I went to all three stages you describe, feels very familiar.

------
incog_nit0
This resonates.

I spent 8 years at the same startup - it graduated from chaotic and exciting
to staid and dysfunctional.

I moved pretty high up so was in a position where I could introduce modern
practises like agile, but I could never get management to mandate dev staff to
do simple things like have a daily standup. The meetings would invariably
drift onto other topics and go from a 15 minute standup to an hour long
discussion about _everything_ going on in the company where the CEO would get
involved and try and hash things out.

As you can imagine we'd end up doing these at most once a week which became
incredibly frustrating trying to get everyone on the same page.
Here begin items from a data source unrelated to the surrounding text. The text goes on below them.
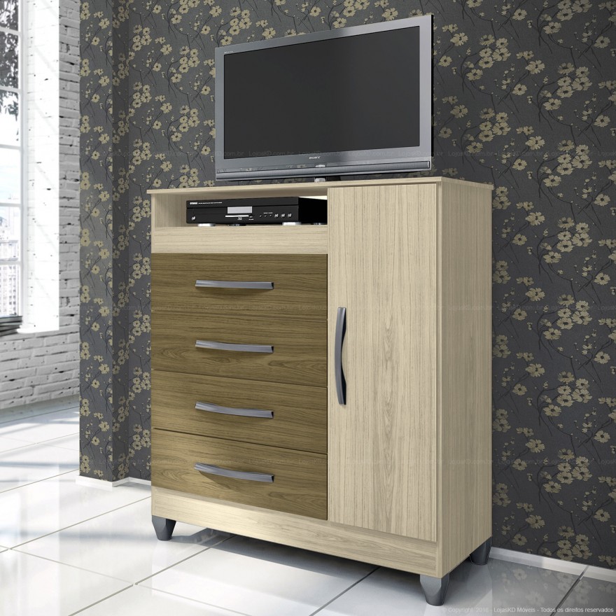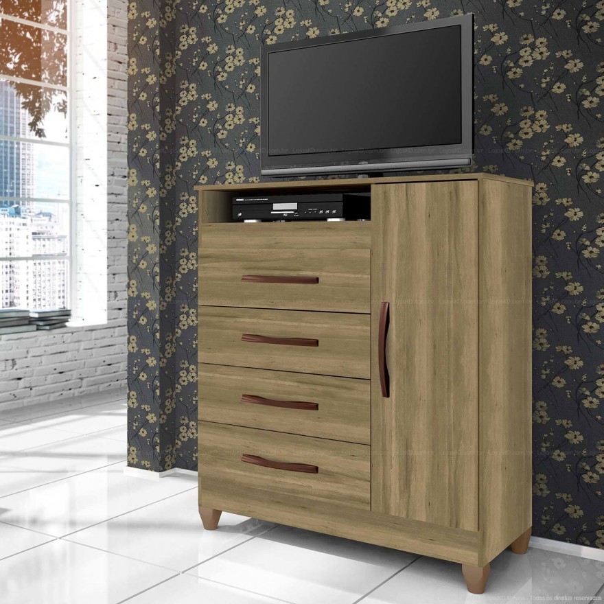 COMODA 4 GAVETAS C/ SAPATEIRA 1m EM MDP BRILHO UV
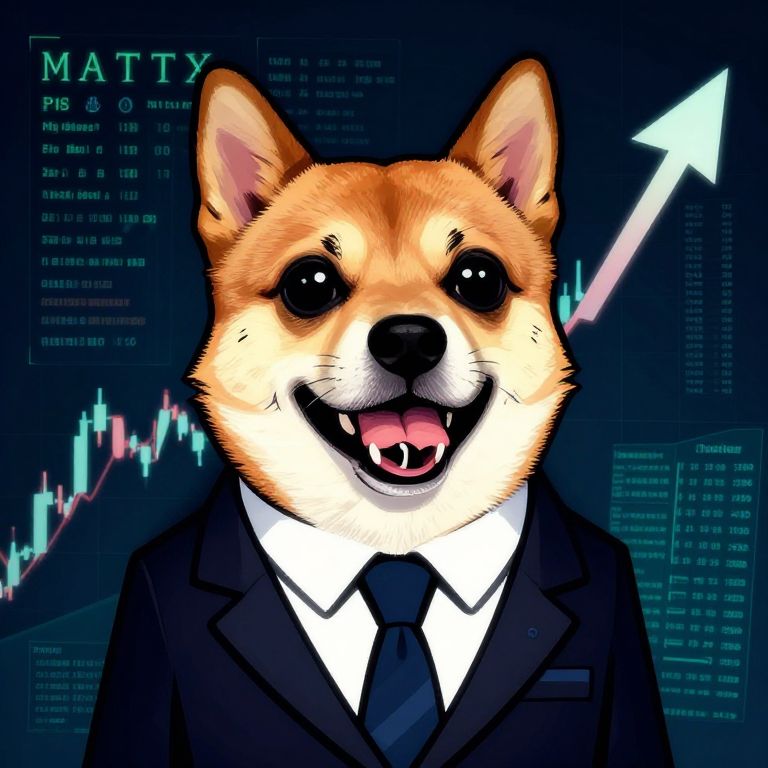 Digital illustration of a smiling Shiba Inu dog in a black suit and tie, with a rising arrow graph background. Text "MATTY"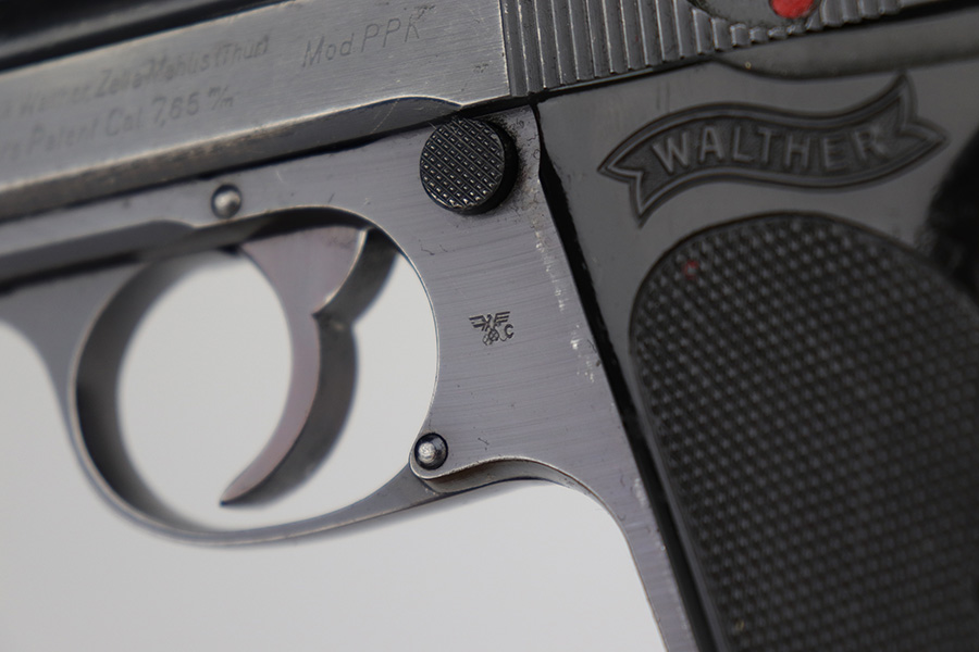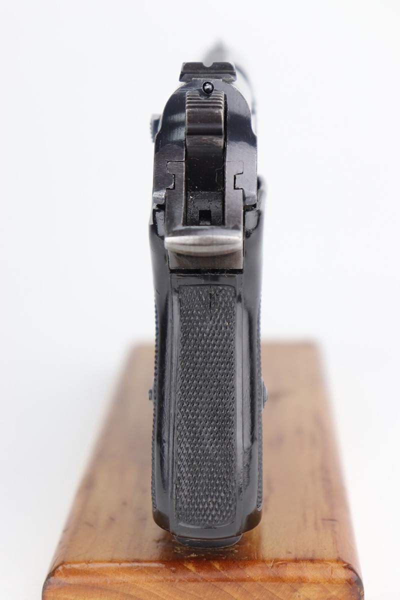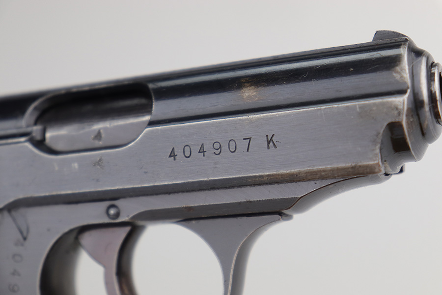 1/18/24 – This is an excellent example of a Walther PPK issued to the Nazi police force in 1943. The gun is all matching and has the proper police “Eagle C” marking on the left side of the frame. It has retained about 95% of its original wartime finish. There is very minor muzzle wear, some very light wear along both sides of the slide concentrated around the high edges, and very minor thinning and patina on the front strap. Comes with a very nice late-war black bakelite grip – one tiny crack on the spine. Also comes with a period-correct wartime magazine. Mint bore.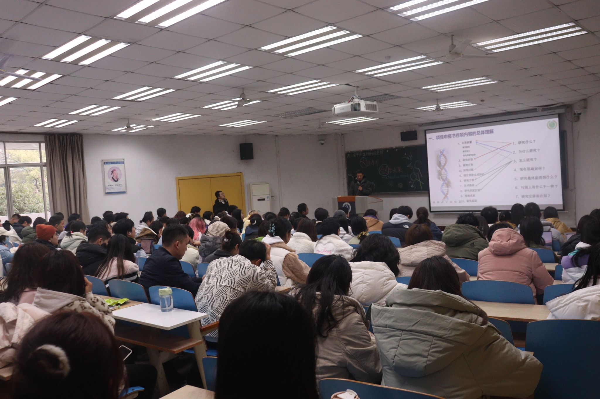 在提问解答环节,两位老师向同学们详细解答了大创项目与个人未来发展的关系。此外,两位老师还具体讲解怎样合理安排经费预算等相关问题,同时向大家提出“认真负责,严禁虚假”的学术道德要求。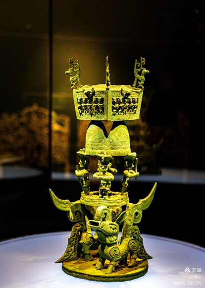 青銅神壇高53厘米,分三層。底層神獸代表地界,中層是人間,上層代表神域天界??蓮纳駢Q探古蜀先民的信仰,理解他們對天地、自然、神靈、人世的認識體系。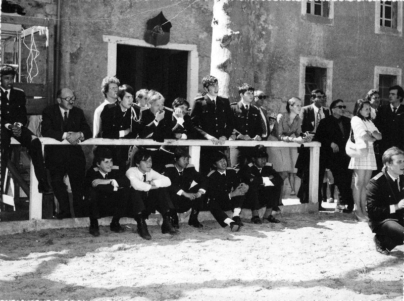 | 1973 :?, Olivier Matet, Jean Cornus, Sommay Soukrisak, François-Michel Mauran, Patrick Bessodes-Pradelles, ?, Jean-Arnaud Drevet (masqué par la jambe), ? et au fond Jacques Imbert. La fille au t-shirt vert est une élève de Maître Bésanger.

On top of that the code base was stuck on XML, JSP/JSTLs, XMPP, Java 7 and
Adobe Flex based APIs and libraries. The whole world was moving onto mobile
apps, ES5/6, REST-JSON, Websockets, WebRTC and we were stuck using archaic
stuff like XMLPullParsers, Flash Remoting and SOAP.

Those first 4 years were valuable lessons on what to do and I grew as an
engineer, but those last 4 years were definitely lessons on what _not_ to do.
But you grow comfortable.

I think being comfortable is a dangerous place to be.

To quote Jim Rohn I think you have to embrace discomfort and ask yourself
'What am I becoming?' rather than 'What am I getting?' and ensure that you're
growing. You don't want one year's experience times 8 - you want 8 years of
growth.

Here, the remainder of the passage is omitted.